Sunday, September 5, 2010

Sunday Evening in Bensonhurst: The Feast of Santa Rosalia on 18th Avenue

This evening we took the N train to 18th Avenue for the Santa Rosalia Society Festival,

which everyone in Bensonhurst calls the 18th Avenue Feast.

It was the last night of the Feast, and we got there around 7 p.m.

We walked past the block on 65th Street where we sometimes go to Starbucks and the building that used to be the Mafia-run catering hall La Perville where our brother Marc had his bar mitzvah reception in January 1968, when we were a senior at Midwood, to the start of the Feast at 68th Street.

Bensonhurst is nowhere as Italian-American as it was during our day, when we occasionally worked at our family's Pants Set store for women on 86th Street off 21st Avenue. (Think Saturday Night Fever.)

It's probably one of the most ethnically diverse places in New York, if not on Planet Earth, but this section of 18th Avenue is still Cristoforo Colombo Boulevard, and it made us feel right at home.

As you should know, St. Rosalia is the patron saint of the city of Palermo and is sometimes venerated as the patron for the entire island of Sicily.

Just like on our block in Williamsburg, the Italian-American residents of Bensonhurst were always primarily, but far from exclusively, of Sicilian heritage. But outsiders were always welcomed.

Actually, almost exactly twenty years ago, we were on our old block of East 56th Street and Avenue O in September 1990 when Spike Lee was filming Jungle Fever there. Flatlands stood in for Bensonhurst in that movie, and our neighbor's house was the one for the Italian-American family of Annabella Sciorria.

We love the Giglio Feast in Williamsburg, of course, in our own parish and just blocks away from our house, but there's no denying that 18th Avenue seems a lot more spacious. Tonight it was crowded but easy to get through and it doesn't give you that hemmed-in feel of a narrow street.

We are as much an honorary Sicilian as Tom Hagen, and if you don't like it, Fongool! . . . Hey, these teddy bears are wearing Dodgers uniforms! We remember when they played here!

Anyway, there were games and rides and lots and lots of food and people were out on this nice evening just taking in the sights.

You can't go wrong with free refills.

This player was a winner! Lots of people were carrying around stuffed animals that they won in street games.

And some won plastic bags of real live goldfish.

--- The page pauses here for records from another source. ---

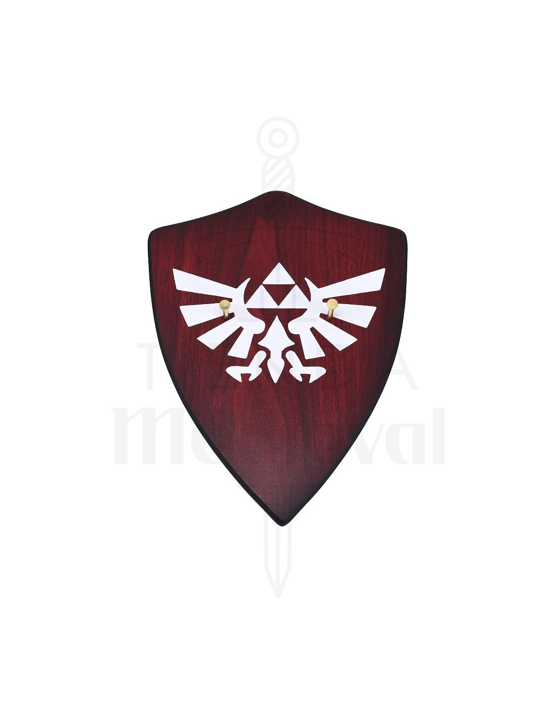 Questo Espositore da parete in legno per la Spada Maestra di Link offre una presentazione elegante e sobria, ideale per chi cerca di mostrare la propria replica con orgoglio. La placca a forma di scudo, in un marrone scuro con venature naturali, porta calore e carattere, mentre il bordo smussato di un tono quasi nero incornicia il pezzo come se fosse una reliquia. Il motivo bianco stilizzato al centro aggiunge un contrasto distintivo, e i piccoli ganci metallici dorati permettono di appendere accessori o fissare dettagli senza rompere l'estetica.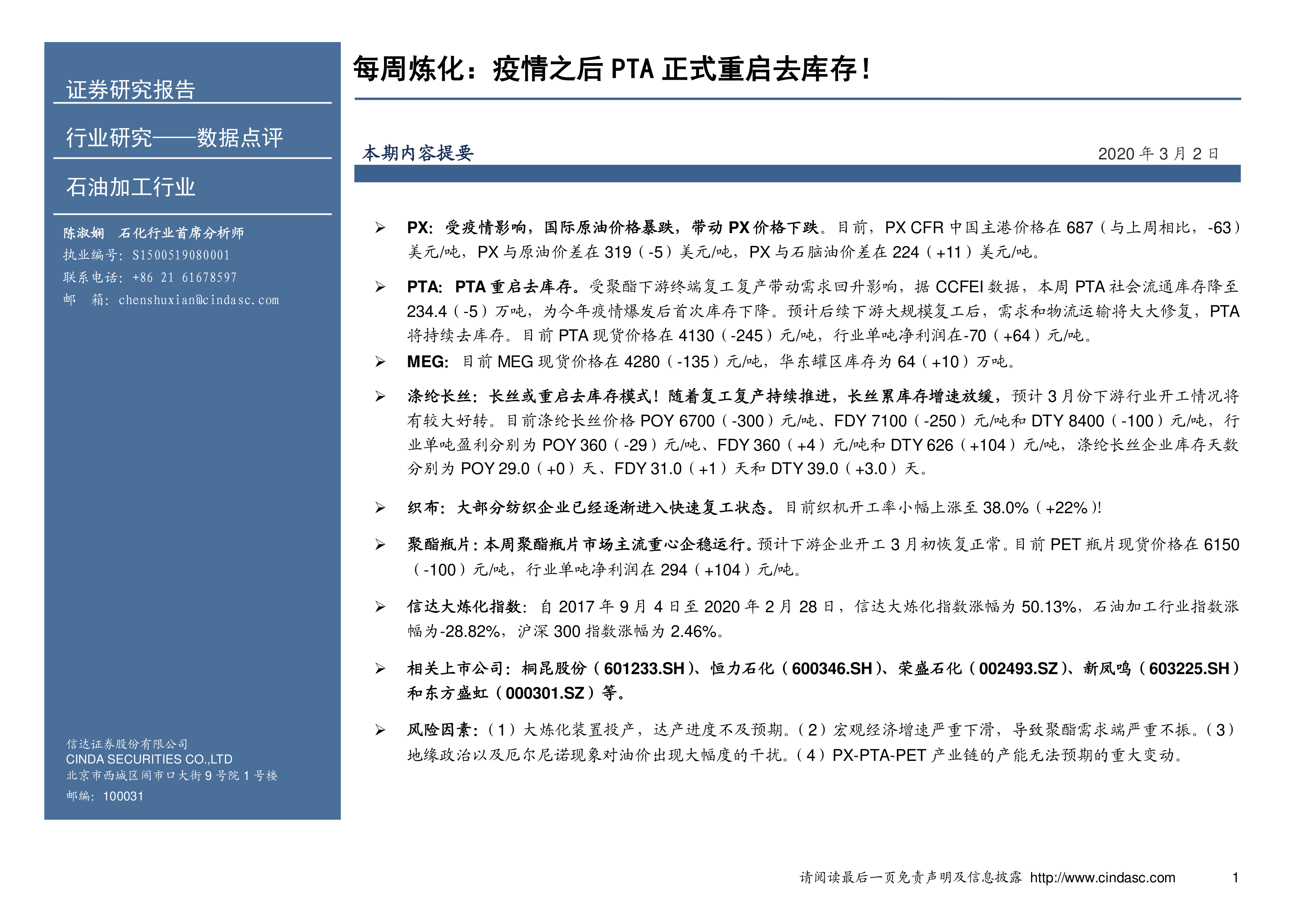 本报告以数据为基础,对疫情后PTA及相关石化行业市场进行了分析。报告涵盖了PX、PTA、MEG、涤纶长丝、织布、聚酯瓶片等多个细分市场,并对信达大炼化指数进行了解读。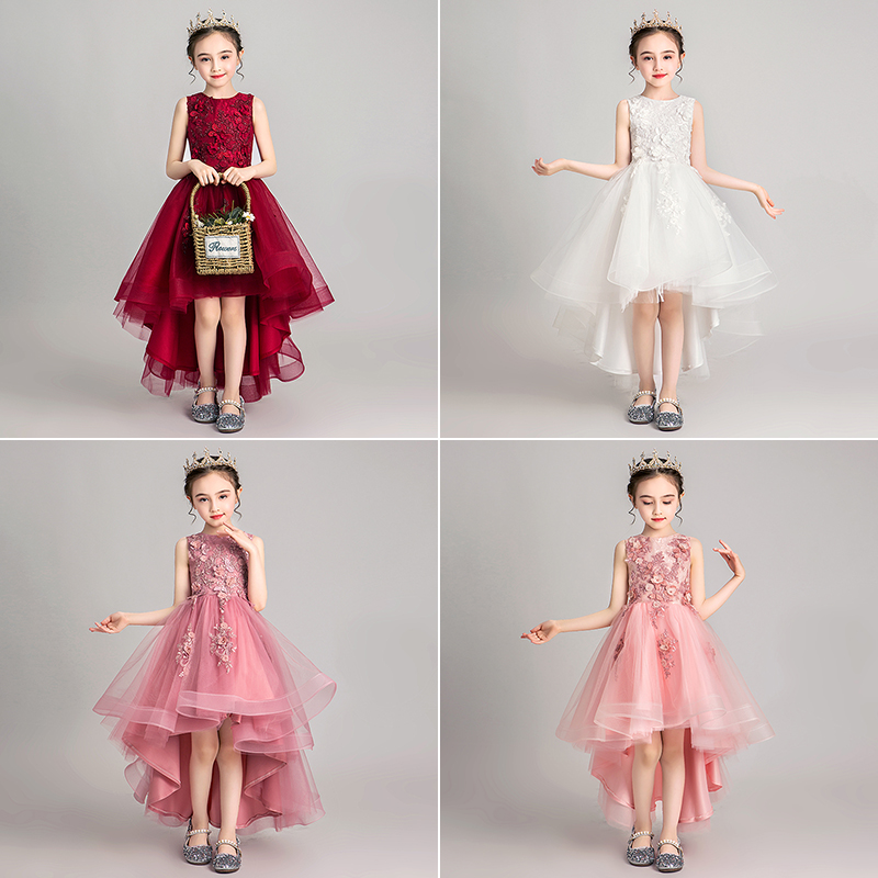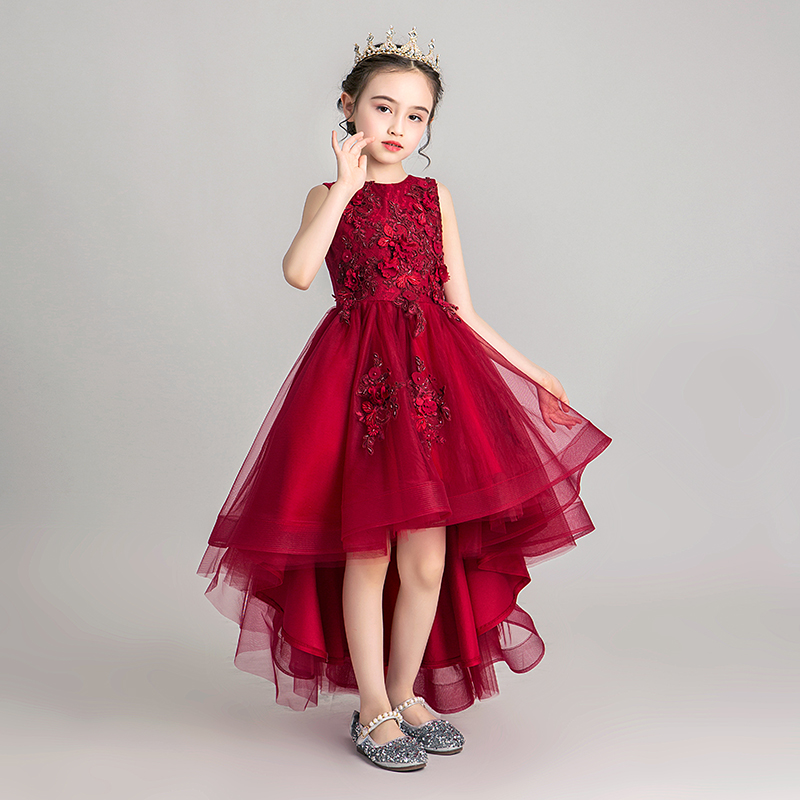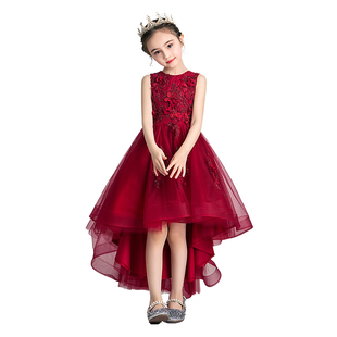 兒童晚禮服公主裙女童生日小花童婚紗主持人鋼琴演出服紅色夏季由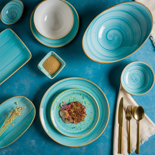 Aura Aqua kolekcija išsiskiria gyvybingais atspalviais, kurie lengvai prisitaiko prie skirtingo interjero ir patiekalų pateikimo stiliaus. Spiralinis dekoras, primenantis nuolat judančią visatą, simbolizuoja tęstinumą, o sodrios spalvos suteikia serviravimui energijos ir gyvumo.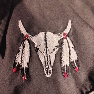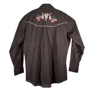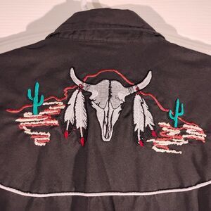 Ely Diamond pearl snap shirt mens L Large black skull embroidered feather
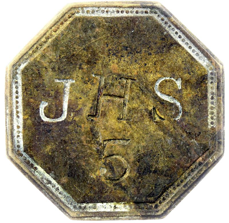 Obverse: J H S 5; Reverse: blank. Fair condition. Possibly J.H. Sherbourne, Ponca Agency.
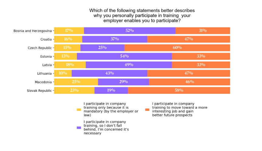 Речиси половина од вработените ја гледаат обуката како лична инвестиција во своите вештини и идни кариерни патеки, а не само како обврска. Овој пристап е особено силен во Чешка и Словачка, каде околу 60% ја следат обуката за подобрување на своите кариерни перспективи. За работодавачите, ова е можност да ја користат обуката не само како основа за ангажираност и лојалност, туку и како поттик за раст на бизнисот преку развој на поскоскувски и вешт кадар.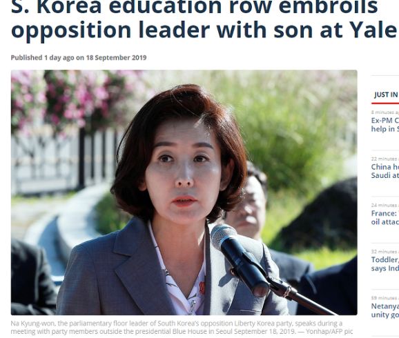 나경원 AFP 기사를 보면 한국 교육 스캔들에 야당 지도자와 나경원 아들이 줄지어 휘말리다 라는 기사의 제목으로 보도하게 되면서 나경원 AFP 기사가 실시간 검색어에 오르고 있더라구요.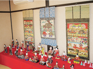 2列に並べられたひな祭りの人形と、その後ろに掛けられた掛け軸の写真 拡大画像 (JPEG: 97.4KB)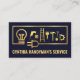 An all blue cover features a faux gold electrical circuit frame that envelopes an array of gold handyman tools. The tools can represent some of the services that you offer. Near the base is the business name which you can change.
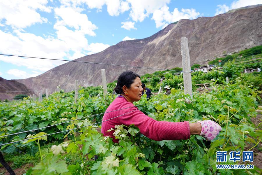 在西藏昌都市芒康縣木許鄉阿東村,村民在葡萄園里忙碌(5月6日攝)。新華社記者詹彥攝
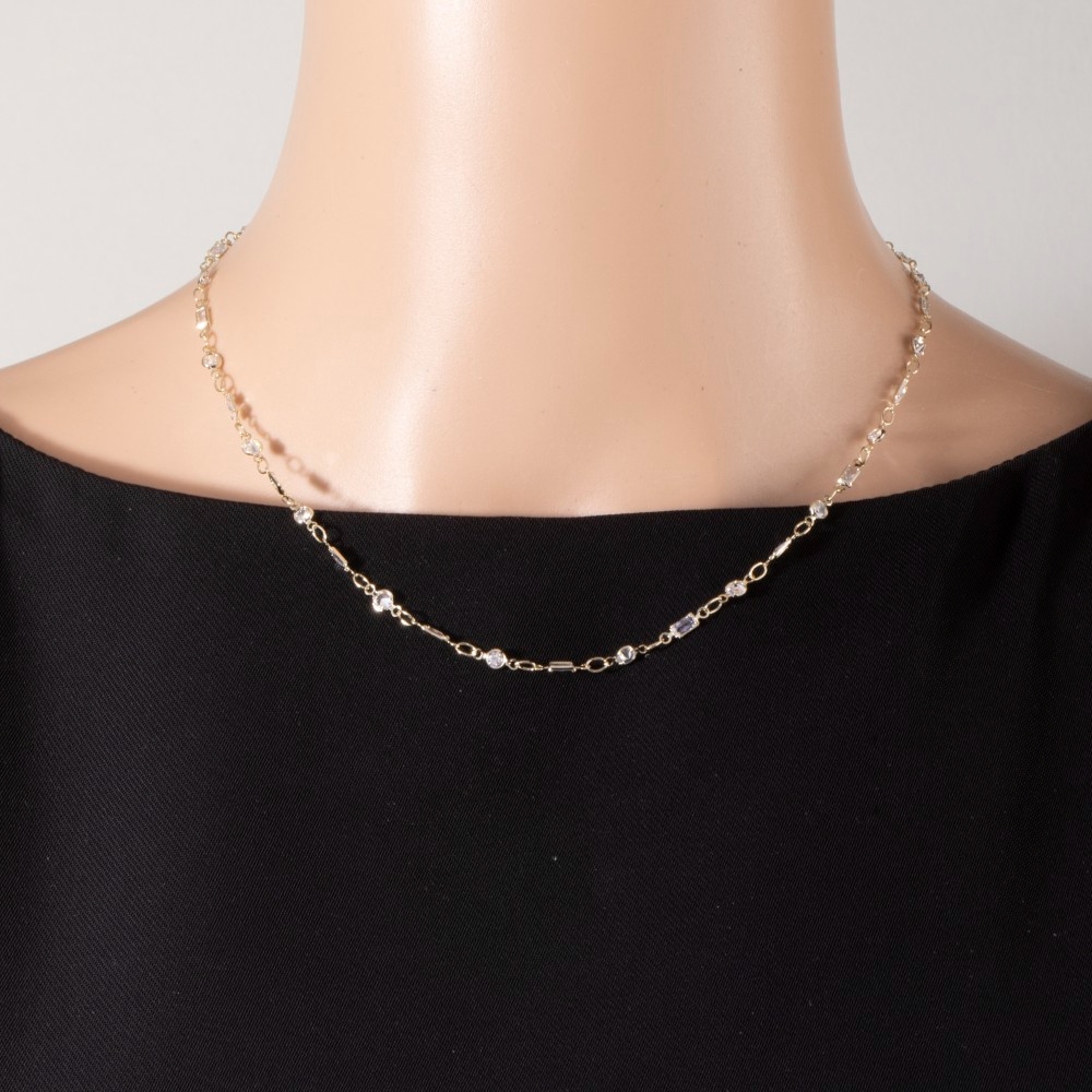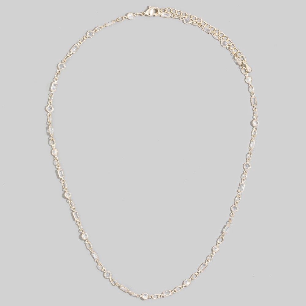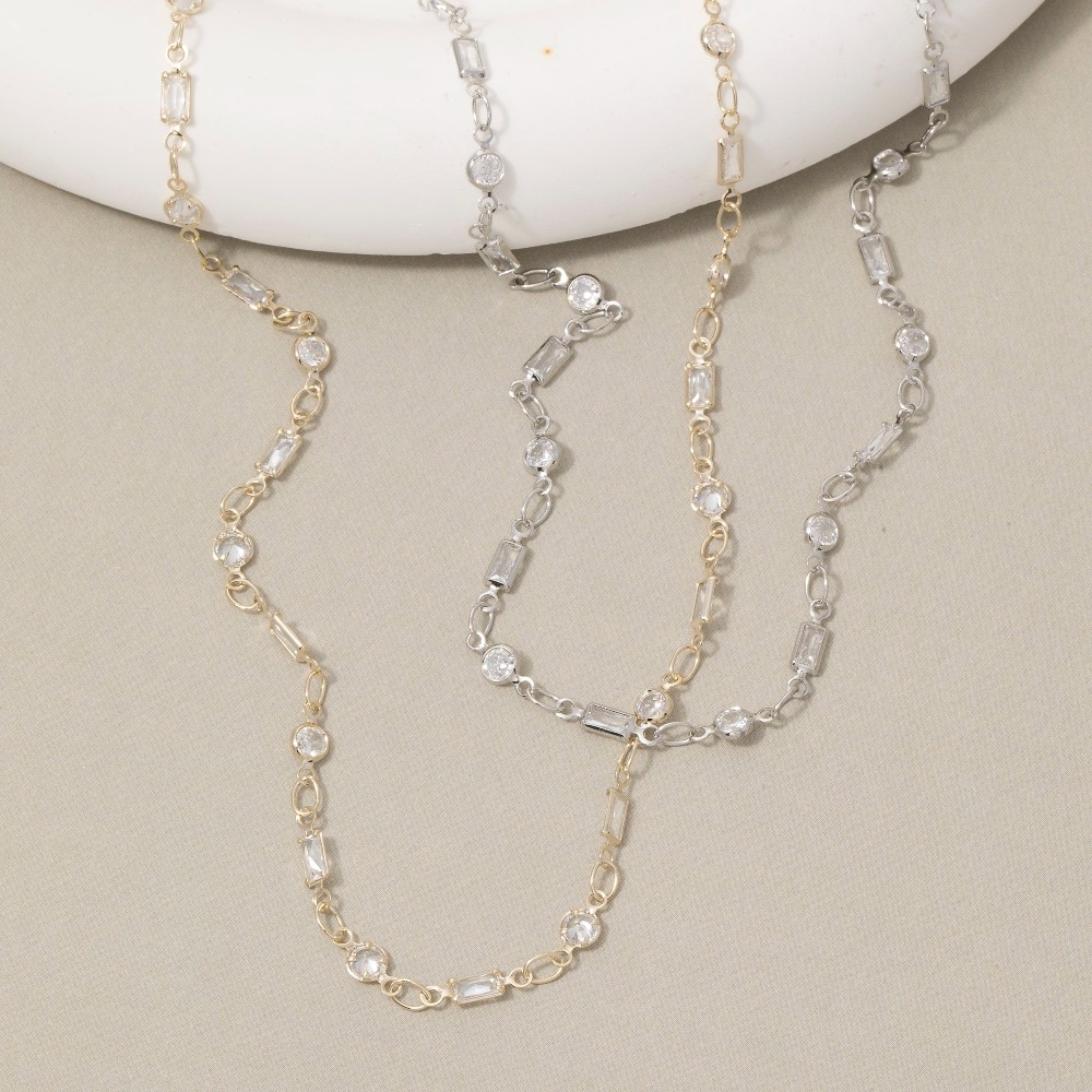 A modern classic, this necklace showcases a breathtaking mixed round & baguette cubic zirconia station design. Infuse your ensemble with a touch of sophistication using this versatile necklace, a game-changer in the world of fashion. Available in G, S. This item is sold in packs of 1.

This little girl liked going up in the air like George Clooney.

There were down-to-earth rides, too.

This creature is from Spongebob Squarepants but his name escapes us. Luckily, we escaped going on his ride.

Some rides had lots of happy kids on them.

Some rides seemed to have nobody on them.

Some rides made you say "Gee whiz." Which reminded us to find a porta-potty.

We can say without a doubt that despite the crowds, the portable toilets here were the cleanest we've ever seen in our entire lives. Someone at the Santa Rosalia Society did a really, really good job there.

This made us very nostalgic, like for when we were 15 and talked tongue-tied to girls.

"Soak the Bloke" is always popular because of the guy's patter. He insults children with a devilish relish that never sounds perfunctory.

We thought twice about getting an air-brushed tattoo.

This clown seemed a little down, for some reason.

The amount of corn at the Feast would have made this a nightmare for Michael Pollan.

Who is Mateo and why does he have so much food?

This little boy was among many kids making artistic creations with colored sand.

We'd say that Spongebob definitely defeated all the Disney characters, at least on 18th Avenue.

Just being at the Feast made some people light up.

There were a lot of cheerful yellow things on display everywhere.

And young couples, too.

Portraits of historic figures were on sale at reasonable prices.

We weren't sure which of these women was the actual psychic.

New York's Finest took a break to eat sometimes.

This neighborhood now seems almost as Chinese as it is Italian, and almost as Latino as it is Chinese, and almost as Russian as it is Latino, and so on.

We don't know what "Scrappers" are. Oh wait! We read about them in the New York Times! They really are from here!

Some people kept trying at games just for the fun of it even if they never won any prizes.

More arepas! There was Spanish music too, as well as Italian music.

And even "The Sounds of Silence."

This boy was staring longingly at some dogtags.

We don't know where this man won a big plastic bat. Maybe he brought it from home?

Whee! Whee!

Che! Che!

Fall is on the way, and candy apples are the surest sign.

Summer's shishkabob had all too short a time.

Fried oreos, of course, are always in season. Many people look like they'd been indulging.

Going to the 18th Avenue Feast was a really great way to spend part of Labor Day weekend. We enjoyed it enormously.

Since the northbound N trains were running over the D track, we kept walking on 18th Avenue

for another nine or so blocks after the Feast ended at 75th Street/Bay Ridge Parkway to get the el at New Utrecht Avenue close by 86th Street.

We're really grateful for everyone who made the 18th Avenue Feast possible. It was almost more fun than humans should be allowed to have.